*The problem:*
The line containing "Pair the Butterfly", and every line after it to the end of the listing, should be repeated exactly; the pictures should not.

*Dataset section:*
|---|

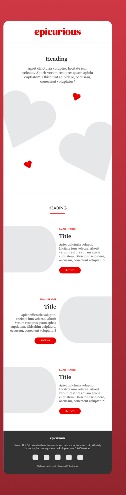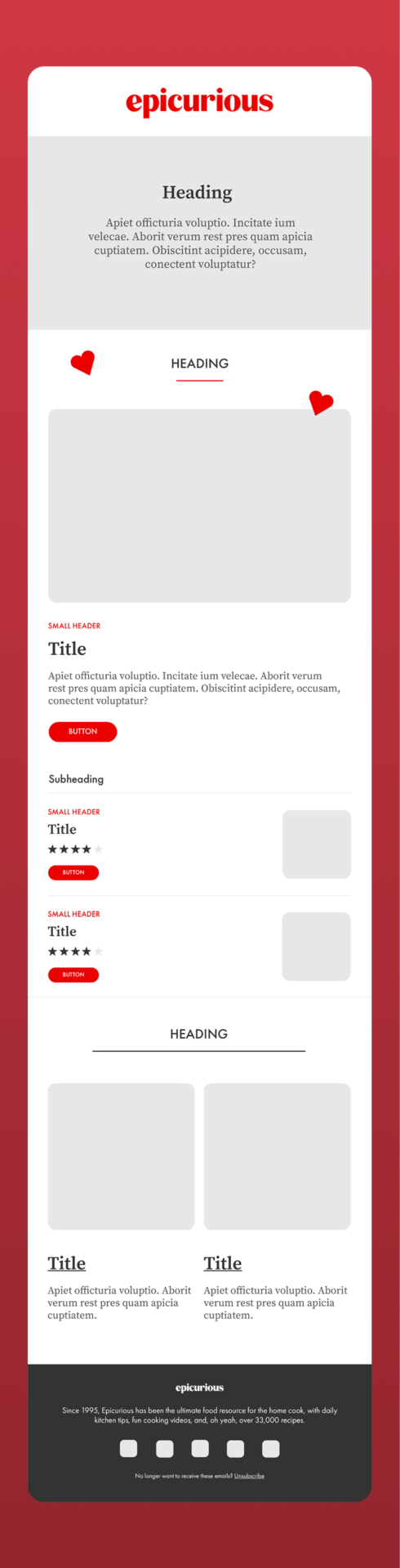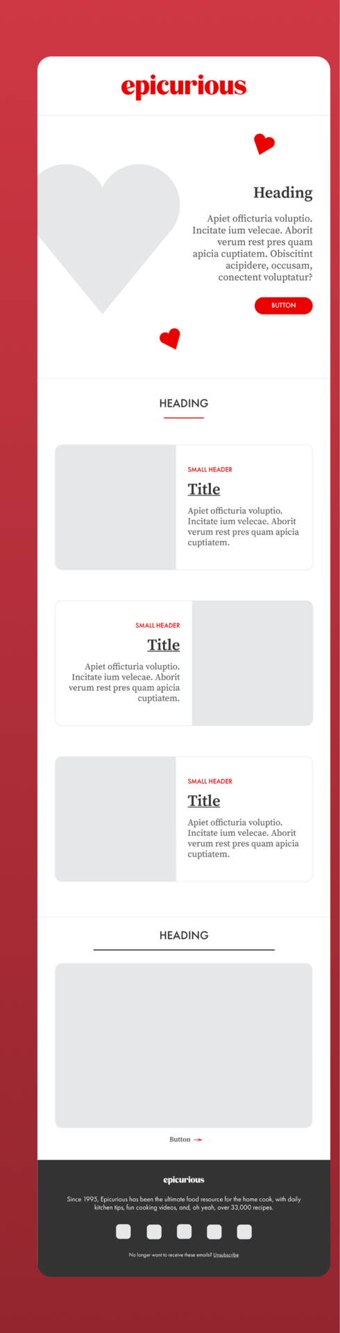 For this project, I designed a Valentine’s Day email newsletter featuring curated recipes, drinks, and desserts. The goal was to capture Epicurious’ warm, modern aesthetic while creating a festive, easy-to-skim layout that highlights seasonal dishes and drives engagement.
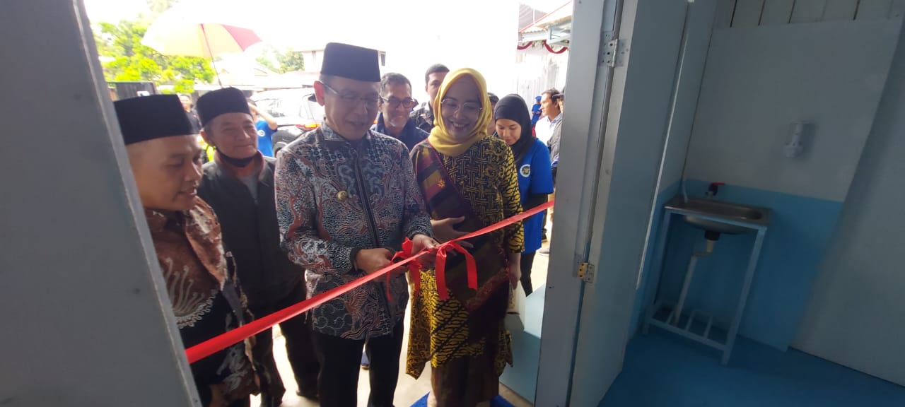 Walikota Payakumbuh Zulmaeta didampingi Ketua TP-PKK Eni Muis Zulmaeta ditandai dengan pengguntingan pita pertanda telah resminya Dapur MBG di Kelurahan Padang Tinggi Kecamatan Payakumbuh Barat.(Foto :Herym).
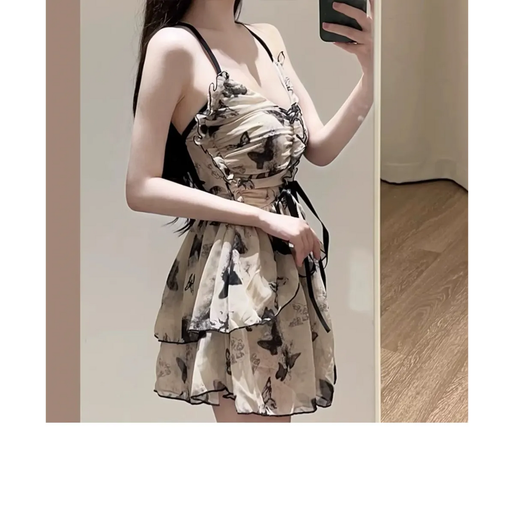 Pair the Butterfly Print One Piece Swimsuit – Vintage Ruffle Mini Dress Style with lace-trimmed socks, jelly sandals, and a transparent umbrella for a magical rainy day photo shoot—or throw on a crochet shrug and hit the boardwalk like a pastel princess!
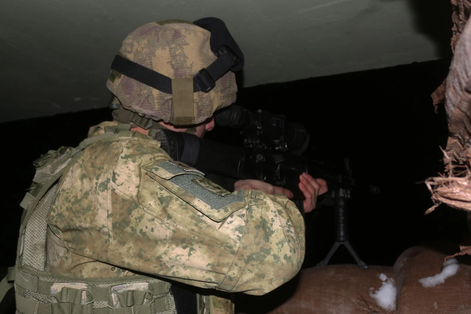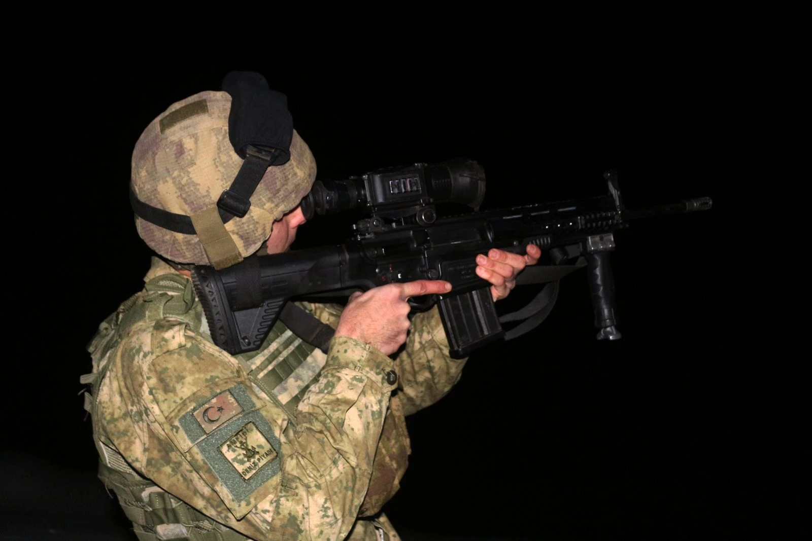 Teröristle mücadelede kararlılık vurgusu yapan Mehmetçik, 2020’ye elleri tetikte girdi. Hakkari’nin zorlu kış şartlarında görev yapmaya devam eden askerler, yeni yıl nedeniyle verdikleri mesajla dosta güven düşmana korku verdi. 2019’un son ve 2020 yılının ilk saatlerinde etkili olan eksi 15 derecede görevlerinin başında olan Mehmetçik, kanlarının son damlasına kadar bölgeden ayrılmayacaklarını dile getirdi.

|---|

*Solved exercise:*
 Pair the Butterfly Print One Piece Swimsuit – Vintage Ruffle Mini Dress Style with lace-trimmed socks, jelly sandals, and a transparent umbrella for a magical rainy day photo shoot—or throw on a crochet shrug and hit the boardwalk like a pastel princess!
 Teröristle mücadelede kararlılık vurgusu yapan Mehmetçik, 2020’ye elleri tetikte girdi. Hakkari’nin zorlu kış şartlarında görev yapmaya devam eden askerler, yeni yıl nedeniyle verdikleri mesajla dosta güven düşmana korku verdi. 2019’un son ve 2020 yılının ilk saatlerinde etkili olan eksi 15 derecede görevlerinin başında olan Mehmetçik, kanlarının son damlasına kadar bölgeden ayrılmayacaklarını dile getirdi.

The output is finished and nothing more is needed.